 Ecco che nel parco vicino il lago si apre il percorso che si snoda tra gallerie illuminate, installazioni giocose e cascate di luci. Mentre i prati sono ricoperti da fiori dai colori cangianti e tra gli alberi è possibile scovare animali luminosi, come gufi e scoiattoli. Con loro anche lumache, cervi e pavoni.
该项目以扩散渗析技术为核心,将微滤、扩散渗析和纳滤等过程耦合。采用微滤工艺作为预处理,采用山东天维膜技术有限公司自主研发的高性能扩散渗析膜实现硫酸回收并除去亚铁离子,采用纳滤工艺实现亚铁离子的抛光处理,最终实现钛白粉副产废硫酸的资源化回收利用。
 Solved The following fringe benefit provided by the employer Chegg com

* * *

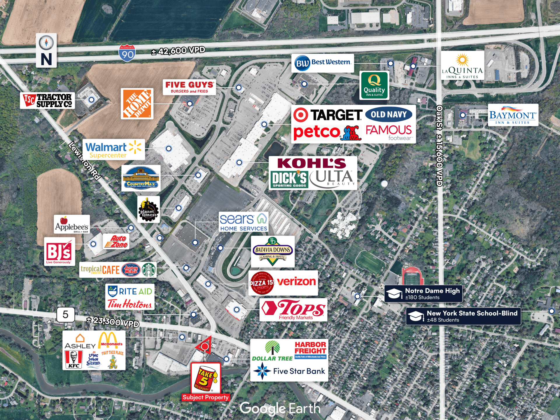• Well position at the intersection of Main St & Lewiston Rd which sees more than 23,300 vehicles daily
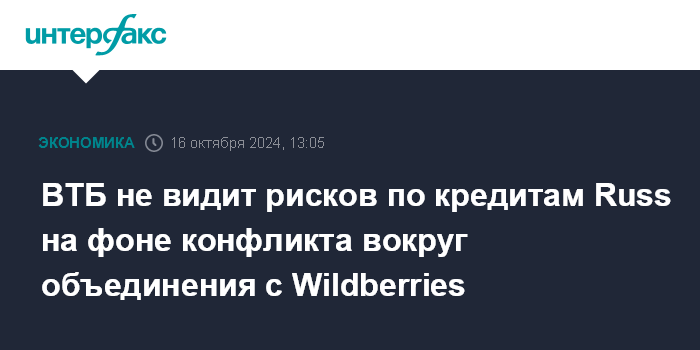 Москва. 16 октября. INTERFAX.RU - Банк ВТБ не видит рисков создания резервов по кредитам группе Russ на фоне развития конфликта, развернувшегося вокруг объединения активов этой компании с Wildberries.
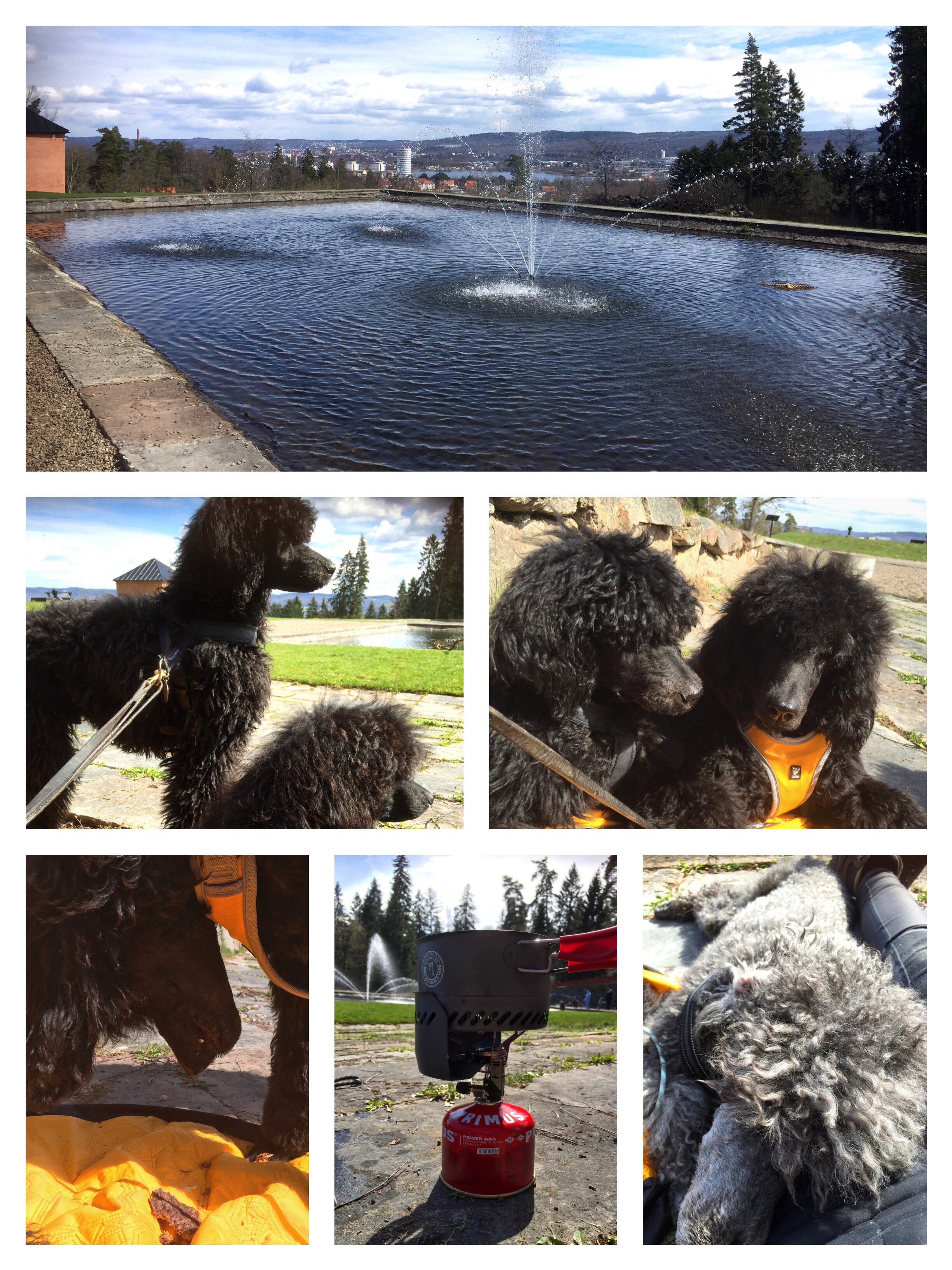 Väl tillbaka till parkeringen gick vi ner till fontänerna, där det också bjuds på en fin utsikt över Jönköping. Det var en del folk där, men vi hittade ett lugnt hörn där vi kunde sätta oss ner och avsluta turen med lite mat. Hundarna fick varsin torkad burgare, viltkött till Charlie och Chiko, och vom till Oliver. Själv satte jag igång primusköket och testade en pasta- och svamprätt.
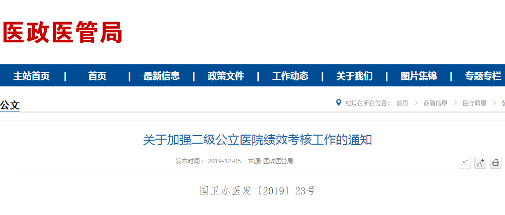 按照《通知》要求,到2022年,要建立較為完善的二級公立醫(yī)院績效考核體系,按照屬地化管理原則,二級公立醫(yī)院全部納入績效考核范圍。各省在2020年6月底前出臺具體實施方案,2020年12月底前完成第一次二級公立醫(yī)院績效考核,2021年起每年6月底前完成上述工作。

▶ INSTRUCTIONS FOR THE TASK: The output should be exactly the lines above from the line containing "Ecco che nel" to the line containing "该项目以扩散渗析技术为核心,将微滤、扩散", inclusive, with no other lines.

▶ RESULT OF THIS TASK:
 Ecco che nel parco vicino il lago si apre il percorso che si snoda tra gallerie illuminate, installazioni giocose e cascate di luci. Mentre i prati sono ricoperti da fiori dai colori cangianti e tra gli alberi è possibile scovare animali luminosi, come gufi e scoiattoli. Con loro anche lumache, cervi e pavoni.
该项目以扩散渗析技术为核心,将微滤、扩散渗析和纳滤等过程耦合。采用微滤工艺作为预处理,采用山东天维膜技术有限公司自主研发的高性能扩散渗析膜实现硫酸回收并除去亚铁离子,采用纳滤工艺实现亚铁离子的抛光处理,最终实现钛白粉副产废硫酸的资源化回收利用。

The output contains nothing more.